PORTRAIT OF A FUTURE - CHARLIE STEIN

PORTRAIT OF A FUTURE
Curator Peggy Schoenegge presents the work of artist Charlie Stein
Charlie Stein’s paintings and drawings depict female robots that resemble humans on the surface, and yet appear unnatural. The artist humanizes machine-like figures by assembling individual components from various Instagram selfies to create new images. The portraits follow the typical style of staged self-portraits found on the Internet. Stein often shows her subjects looking slightly upwards. Their abnormally large eyes are in keeping with the transformations promoted by the facial filters common on social media.
The artist deals with the relevance of robots and the portrayal of femininity in the digital age. The robots that serve as references for the artist are partly real, and partly of imaginary origin. The work Unimate in Paris (2020) refers to an industrial robot that was made operational by the Ford company in 1961. Made in the shape of a single arm, the robot built and welded components for car bodies. Stein added a female body to the arm to the robot. The young woman in a brown coat is holding a cigarette and looking apathetically past the spectators. By using this feminine identity, the artist counteracts the masculine connotations of the machine. For the work Awakening Health (Grace & Grace) (2020), Stein uses the nursing robot Grace, which is used to care for the elderly. Represented in the piece as young, blonde, petite women, Grace and Grace embrace, giving each other support. The deeply human gesture raises the question of the extent to which the concept of nurture – also a stereotype associated with femininity – is at all relevant to robots. Based on the assumption that women appear more trustworthy and subordinate, their form is often favored for machines intended to serve humans. As a result, they reflect the gender stereotype of the young, attractive, and obedient woman. In her works, Charlie Stein reflects on this archetype and pulls it out of its servitude. By making them the focus of her portraits, she grants them autonomy.
The exhibition title PORTRAIT OF A FUTURE is derived from the series Portrait Of A Future Self (2019-2021). The female robots free themselves from the constraints of their intended purposes and turn both gender clichés and the relationships between humans and machines on their heads. In light of the increasing significance of robot technologies in our daily lives, questions emerge about their social functions. Robots are produced by humans and therefore shaped by our norms and values. Charlie Stein’s works open up the opportunity for reflection. In the future, will we continue to reproduce stereotypical role models in the machines we are creating?

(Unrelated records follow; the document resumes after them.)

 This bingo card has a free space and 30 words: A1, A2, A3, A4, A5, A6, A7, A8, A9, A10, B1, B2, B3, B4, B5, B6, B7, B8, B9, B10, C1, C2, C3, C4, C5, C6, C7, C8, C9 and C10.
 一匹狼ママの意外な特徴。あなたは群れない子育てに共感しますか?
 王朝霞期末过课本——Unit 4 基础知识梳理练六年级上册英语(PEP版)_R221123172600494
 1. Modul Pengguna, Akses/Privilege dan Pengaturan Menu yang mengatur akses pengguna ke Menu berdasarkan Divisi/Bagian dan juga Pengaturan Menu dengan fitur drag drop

Or do we have a desire to change and develop a more open, diverse and fair existence to shape our future?
(Peggy Schoenegge)
About the artist Charlie Stein and the curator Peggy Schoenegge
The artist Charlie Stein and the curator Peggy Schoenegge met at SALOON Berlin, an international network for women working in the art world. During a studio visit, the curator learned more about the artist’s work. Charlie Stein’s work draws the viewer in with an aesthetic reminiscent of the selfie culture on social media. The conceptual framework of the works opens up upon second glance: mutations and incongruities reference our technology-based daily life and the female role models embedded in it. Stein’s work ties in with the curatorial work of Peggy Schoenegge, who deals with the societal effects of digitalization from a feminist perspective. Schoenegge is also drawn to how artists reflect on the significance of technology in traditional mediums such as painting.

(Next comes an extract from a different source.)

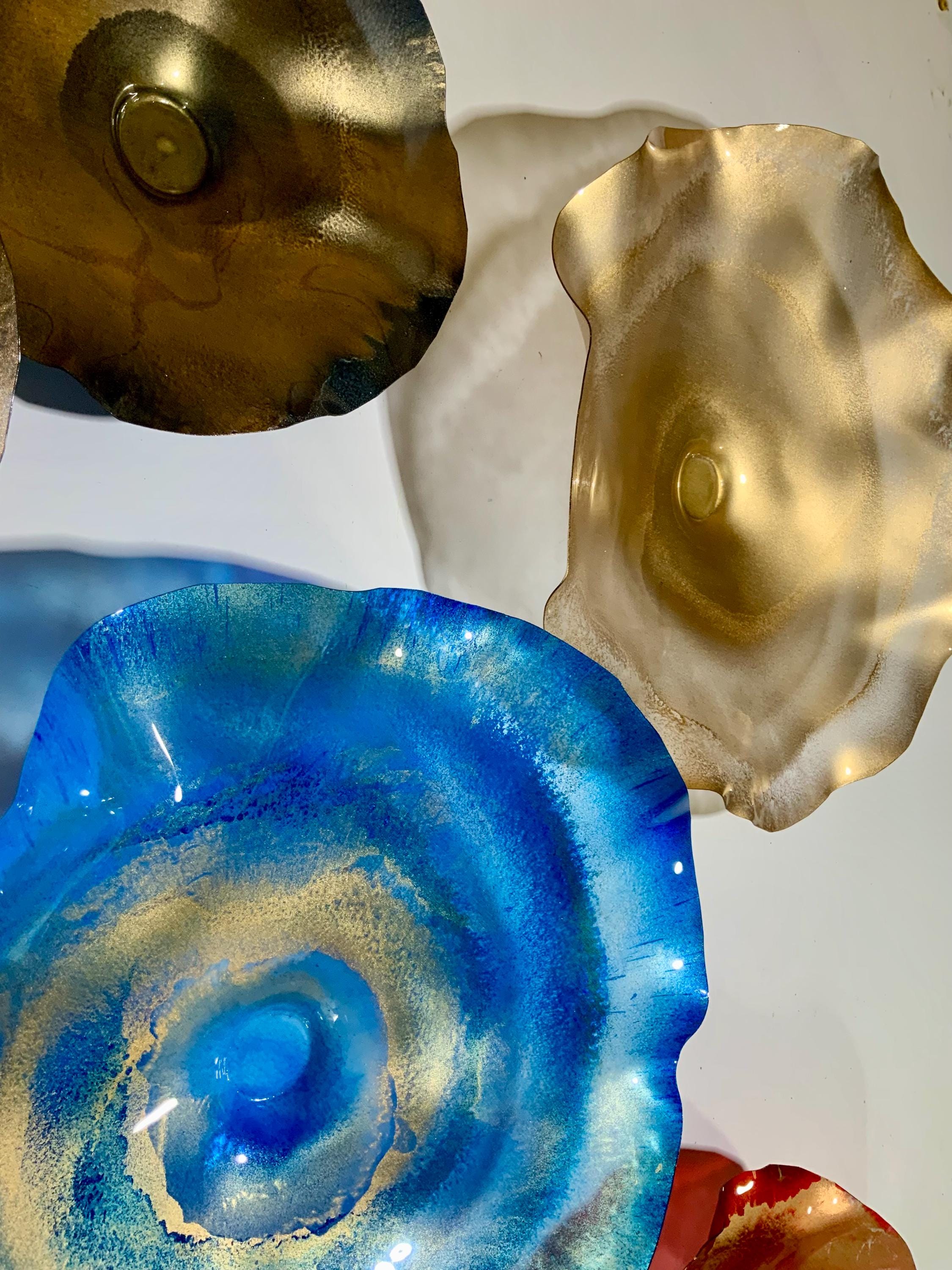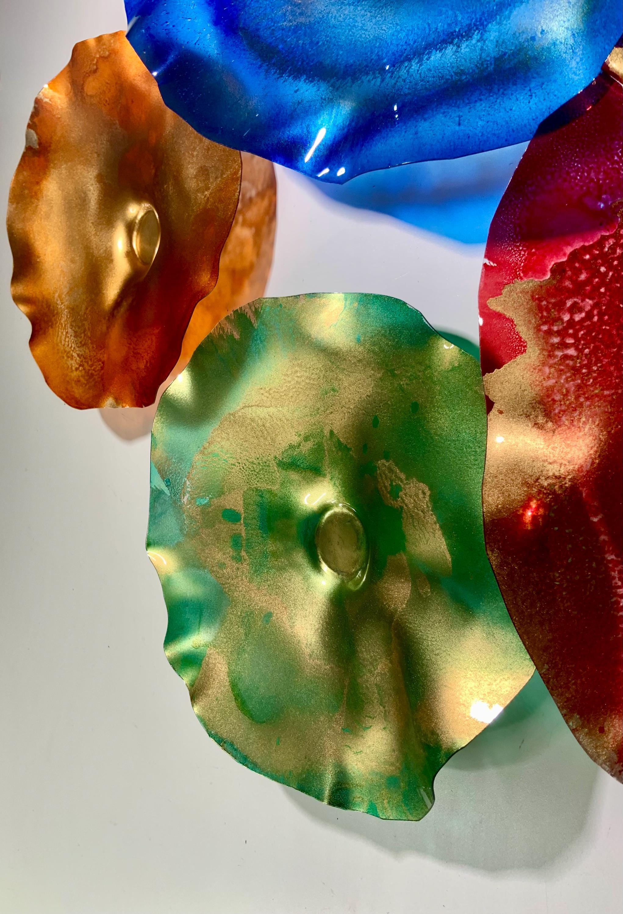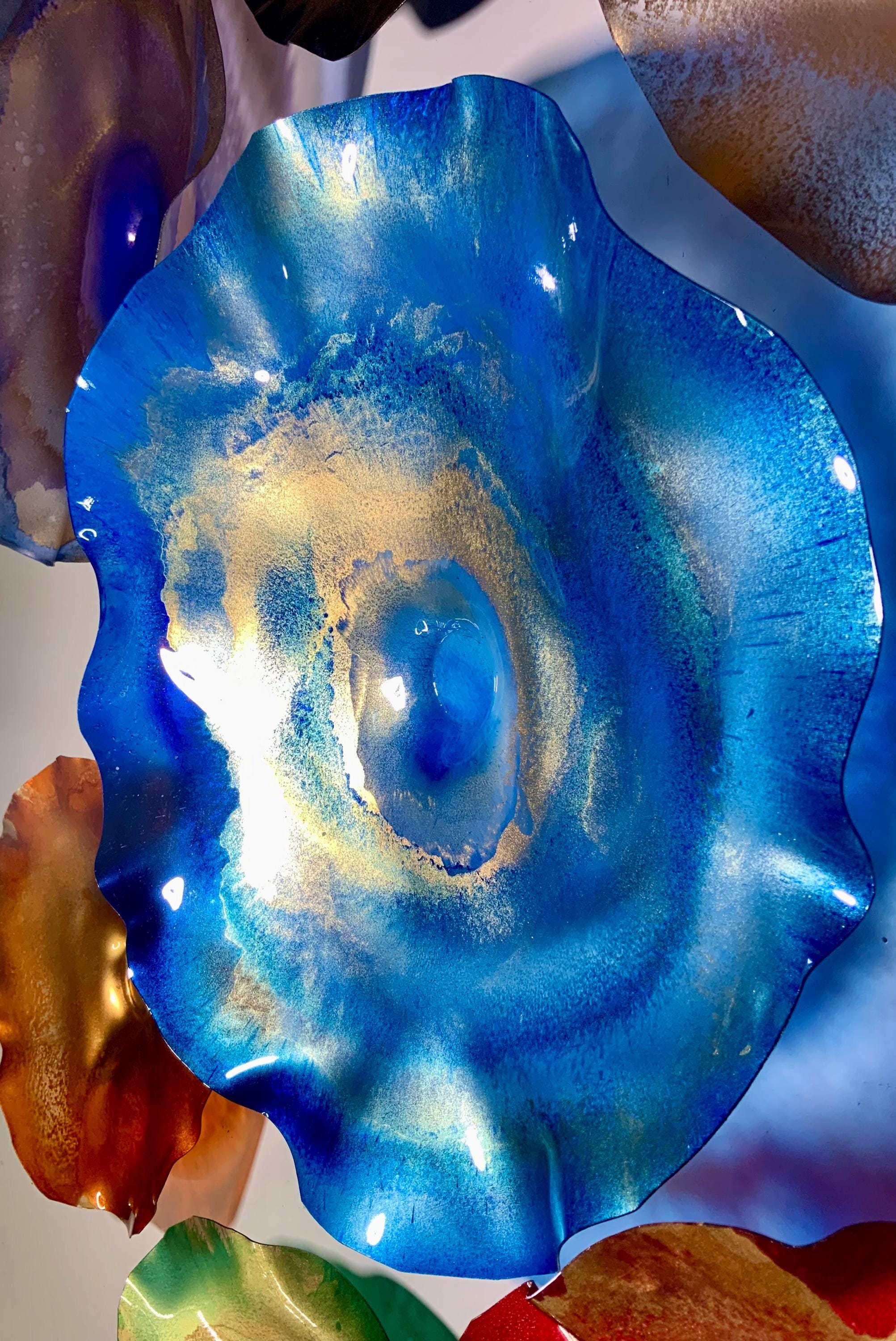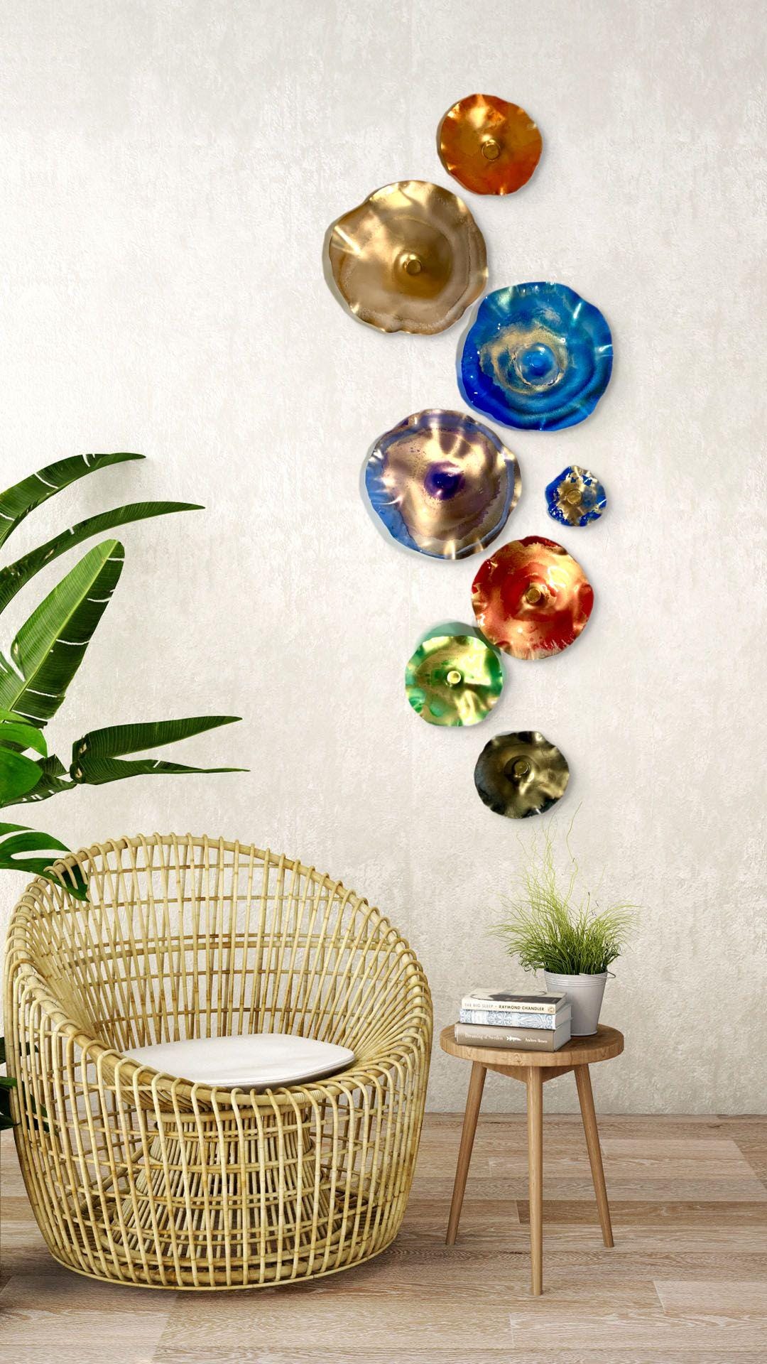 Each flower come with a hanger with a hole in the back for easy hanging. Each piece is light weight and all you will need is a nail or thumb tack to hang it from. If you can hang a picture, you can hang these plates. Each order comes with a set of hanging instructions. For outdoor hanging, please request our free outdoor hardware. For ceiling hanging please request velcro.

In her work Charlie Stein deals with dominant cultural aesthetics questioning existing modes of perception within the context of a highly digitized, visually overstimulated world. Her material is gathered through extensive research and translated into drawings, installations, sculptures, paintings and text. Her focus lies on social structures, digital media and contemporary forms of communication. She holds a postgraduate degree in fine art from the State Academy of Fine Art where she studied at the classes of Christian Jankowski and Rainer Ganahl in Stuttgart, as well as the class of Gerhard Merz in Munich. She was a recipient of a DAAD scholarship in 2010 to reside in Beijing, China. Recent exhibitions include Manifesta11, Villa Merkel, the Songjiang Art Museum in Shanghai, Museum Villa Rot and the 2017 edition of the Istanbul Biennial.

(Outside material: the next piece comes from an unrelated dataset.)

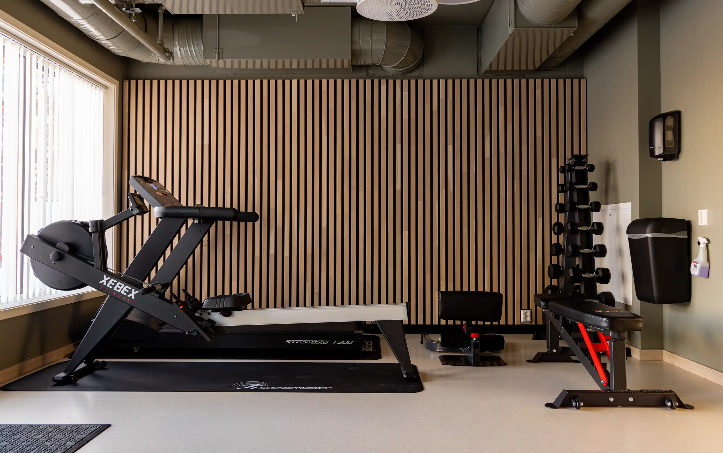 Leva Bergerløkka har også et treningsrom med styrke- og kondisjonsapparater. Her blir det enkelt å holde seg i form.
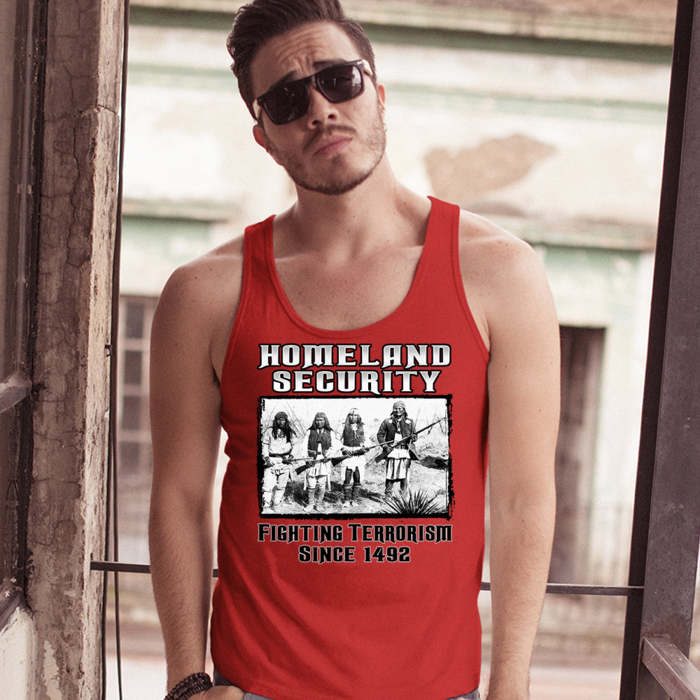 HOMELAND SECURITY tank top native american indigenous patriotic men's top red

Peggy Schoenegge is an independent curator, writer and project manager at peer to space as well as chairwoman of the media art association in Berlin. She holds a B.A. and M.A. in Art History by Humboldt-University Berlin and Technical University Berlin and spent a year at Ritsumeikan University in Kyoto (JP). Her work deals with the conditions and challenges of digitalization and its effects on our everyday life, society and culture. Specifically, she addresses gender, performance, and artificial intelligence by curating digital art, internet art and art with new media such as VR or AR in both real and virtual exhibition spaces. She gives lectures and participates in panel discussions internationally at conferences and events such as the VRHAM! Virtual Reality & Arts Festival, WISE Conference or for the Goethe-Institute. Currently she teaches at the University of Applied Sciences Darmstadt in expanded reality.